Typically, Meccan surahs are shorter than Medinan surahs and were revealed earlier during the development of Islam. As a check, lets see what the average surah length is across these two types of surahs:

period_length <- quran_ar_min %>% 
  group_by(revelation_type, surah_id) %>% 
  summarize(n_ayaat = n()) %>% 
  group_by(revelation_type) %>% 
  summarize(avg_ayaat = mean(n_ayaat))

## # A tibble: 2 x 2
##   revelation_type avg_ayaat
##   <chr>               <dbl>
## 1 Meccan               53.6
## 2 Medinan              58.0

Meccan surahs are an average of 4.5 ayahs shorter than Medinan surahs. Cool.

What are the most distinctive nouns and verbs in these two types of surahs? As in my previous post about John and the synoptic gospels, we can use the tf-idf score as a measure of word uniqueness. The higher this value, the more unique a word is in a document in a corpus.

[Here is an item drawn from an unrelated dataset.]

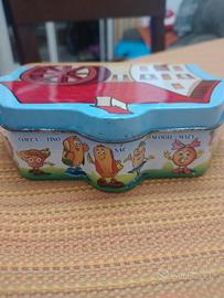 Mulino Bianco Scatola Di Latta Porta Merenda Barilla Amici Del Mulino... LA SCATOLA È IN BUONE CONDIZIONI MA PRESENTA, COME IN FOTO, EVIDENTI SEGNI DI USURA...

We lost lots of the helpful columns from quran_ar_min when tagging the parts of speech, though. All we’re left with from the original data is the ayah_title column, which gives the surah and ayah of each word (e.g. 2:242). To bring the revelation type and other columns back in, we’ll make a smaller dataset and then join that to our tagged data:

type_lookup <- quran_ar_min %>% 
  select(ayah_title, surah_id, surah_title_ar, surah_title_en, ayah, revelation_type)

quran_terms <- quran_terms %>% 
  left_join(type_lookup, by = c("id" = "ayah_title"))


## Observations: 82,823
## Variables: 13
## $ id              <chr> "1:1", "1:1", "1:1", "1:1", "1:2", "1:2", "1:2...
## $ sid             <int> 1, 1, 1, 1, 1, 1, 1, 1, 1, 1, 1, 1, 1, 1, 1, 1...
## $ tid             <int> 1, 2, 3, 4, 1, 2, 3, 4, 1, 2, 1, 2, 3, 1, 2, 3...
## $ word            <chr> "بسم", "الله", "الرحمن", "الرحيم", "الحمد", "ل...
## $ lemma           <chr> "", "", "", "", "", "", "", "", "", "", "", ""...
## $ upos            <chr> "NOUN", "NOUN", "", "", "", "NOUN", "NOUN", ""...
## $ pos             <chr> "NNP", "NNP", "DTNNP", "DTNNP", "DTNNP", "NN",...
## $ cid             <int> 1, 5, 10, 17, 0, 6, 10, 13, 0, 7, 0, 5, 9, 0, ...
## $ surah_id        <int> 1, 1, 1, 1, 1, 1, 1, 1, 1, 1, 1, 1, 1, 1, 1, 1...
## $ surah_title_ar  <fct> الفاتحة, الفاتحة, الفاتحة, الفاتحة, الفاتحة, ا...
## $ surah_title_en  <fct> Al-Faatiha, Al-Faatiha, Al-Faatiha, Al-Faatiha...
## $ ayah            <int> 1, 1, 1, 1, 2, 2, 2, 2, 3, 3, 4, 4, 4, 5, 5, 5...
## $ revelation_type <chr> "Meccan", "Meccan", "Meccan", "Meccan", "Mecca...

Now we can use the bind_tf_idf() function from tidytext to calculate the tf-idf for each word in each type of revelation:

type_tf_idf <- quran_terms %>% 
  count(revelation_type, word, pos, sort = TRUE) %>% 
  bind_tf_idf(word, revelation_type, n) %>% 

Now we can find the uniquest nouns across the two types of surahs:

uniquest_nouns <- type_tf_idf %>% 
  # Only look at nouns
  filter(str_detect(pos, "NN")) %>% 
  group_by(revelation_type) %>% 
  top_n(10, tf_idf) %>% 
  ungroup() %>% 
  mutate(word = fct_inorder(word))

plot_unique_nouns <- ggplot(uniquest_nouns, 
                            aes(x = fct_rev(word), y = tf_idf, fill = revelation_type)) +
  geom_col() +
  scale_fill_manual(values = c("#A02513", "#274E49"), guide = FALSE) +
  labs(x = NULL, y = "tf-idf",
       title = "Most unique nouns in the Meccan and Medinan surahs") +
  coord_flip() +
  theme_minimal() +
  theme(plot.title = element_text(face = "bold"),
        strip.text = element_text(face = "bold"),
        panel.grid.major.y = element_blank()) +
  facet_wrap(~ revelation_type, scales = "free_y")

Most unique nouns in the Qur'an

This is so cool. The most unique and distinctive Meccan nouns are “Joseph,” “criminals,” “filling,” “wo,” “others,” “Thamoud,” “right,” “humans,” “liars,” and “hearing.” Most of these make sense: For instance, surah 12, “Yusuf”, is Meccan and is all about the story of Joseph in Egypt.

The most distinctive Medinan nouns, on the other hand, are “liars,” “his prophet,” “borders/limits,” “wisdom,” “Arabs,” “the Messiah,” “houses,” “killing/fighting,” “the Jews,” “the Hajj,” “hypocrites,” and “promised.”

We can also find the uniquest verbs—just use filter(str_detect(pos, "VB")) to select the verbs and do the same thing. I’ll leave that as an exercise to the reader.

Thus, we can do a lot of cool text analysis with Arabic using R!